:: The problem ::
Look below for the line containing "Dark lustrous caviar". Write out that line and the rest through the last one, exactly as they appear, but without pictures.
══════════════════════════════
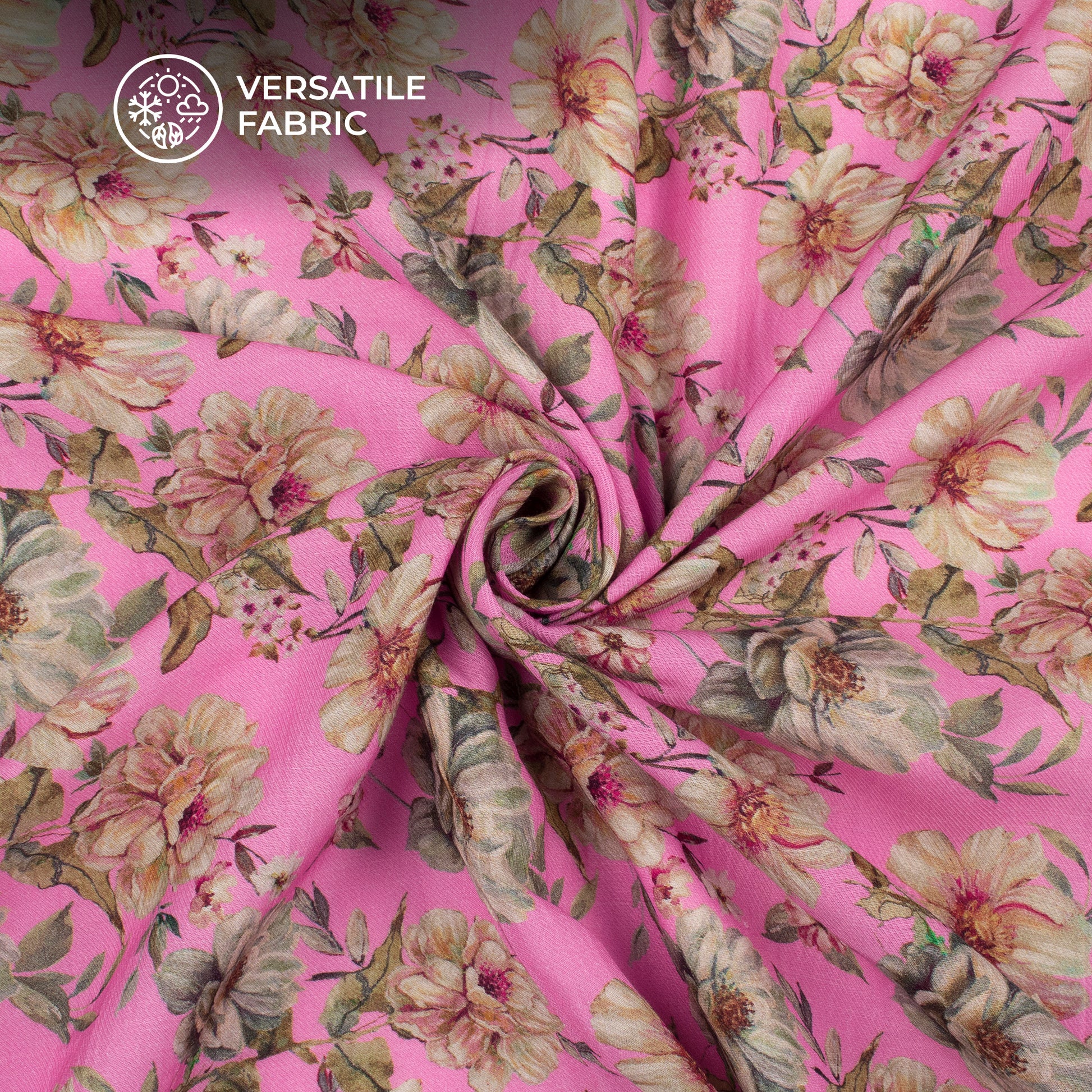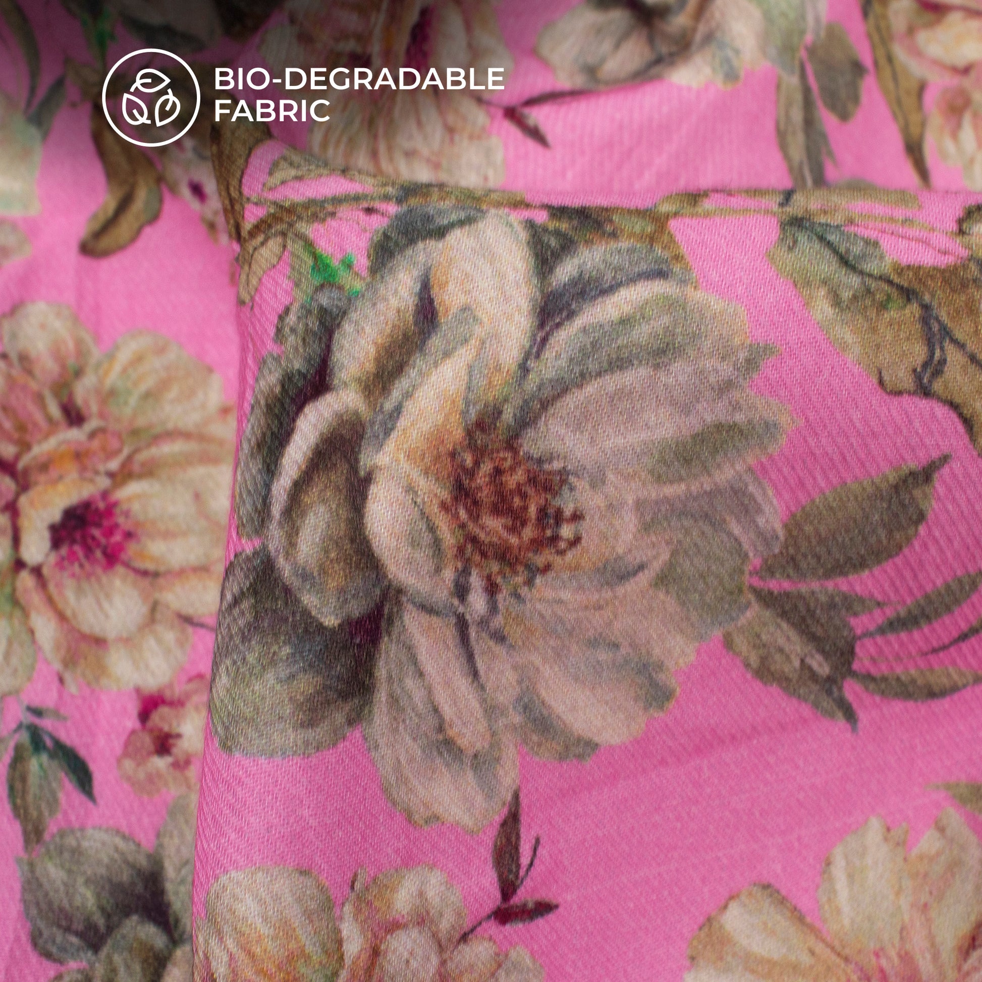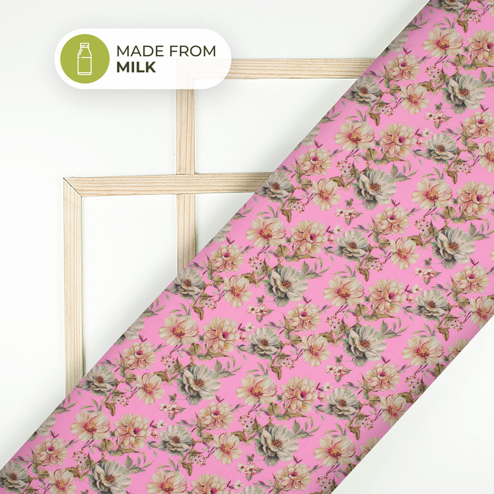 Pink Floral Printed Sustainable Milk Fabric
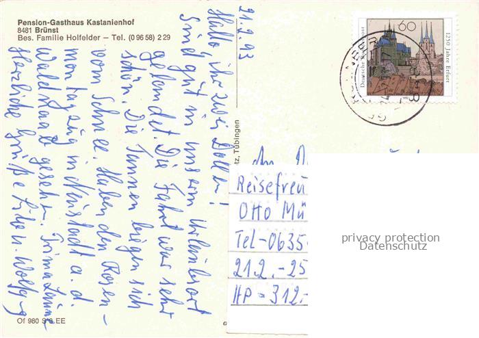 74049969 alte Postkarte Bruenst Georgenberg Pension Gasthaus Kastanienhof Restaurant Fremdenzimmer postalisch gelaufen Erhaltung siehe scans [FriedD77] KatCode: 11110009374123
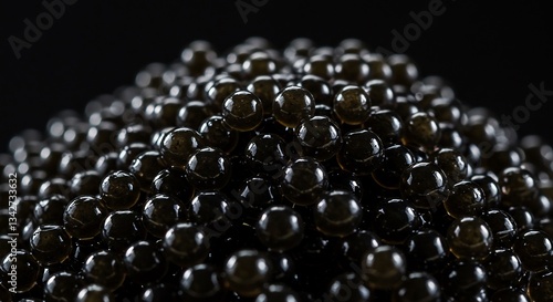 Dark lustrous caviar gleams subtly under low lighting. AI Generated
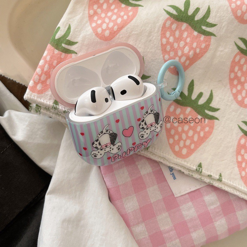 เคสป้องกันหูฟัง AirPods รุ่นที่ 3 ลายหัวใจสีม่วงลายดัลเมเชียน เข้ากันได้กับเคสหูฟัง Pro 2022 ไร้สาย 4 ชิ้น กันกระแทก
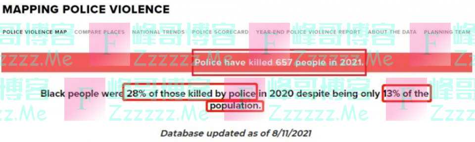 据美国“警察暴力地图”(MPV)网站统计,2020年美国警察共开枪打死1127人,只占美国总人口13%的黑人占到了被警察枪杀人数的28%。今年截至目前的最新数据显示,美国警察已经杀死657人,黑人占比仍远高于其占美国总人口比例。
══════════════════════════════
:: Expected answer ::
 Dark lustrous caviar gleams subtly under low lighting. AI Generated
 เคสป้องกันหูฟัง AirPods รุ่นที่ 3 ลายหัวใจสีม่วงลายดัลเมเชียน เข้ากันได้กับเคสหูฟัง Pro 2022 ไร้สาย 4 ชิ้น กันกระแทก
 据美国“警察暴力地图”(MPV)网站统计,2020年美国警察共开枪打死1127人,只占美国总人口13%的黑人占到了被警察枪杀人数的28%。今年截至目前的最新数据显示,美国警察已经杀死657人,黑人占比仍远高于其占美国总人口比例。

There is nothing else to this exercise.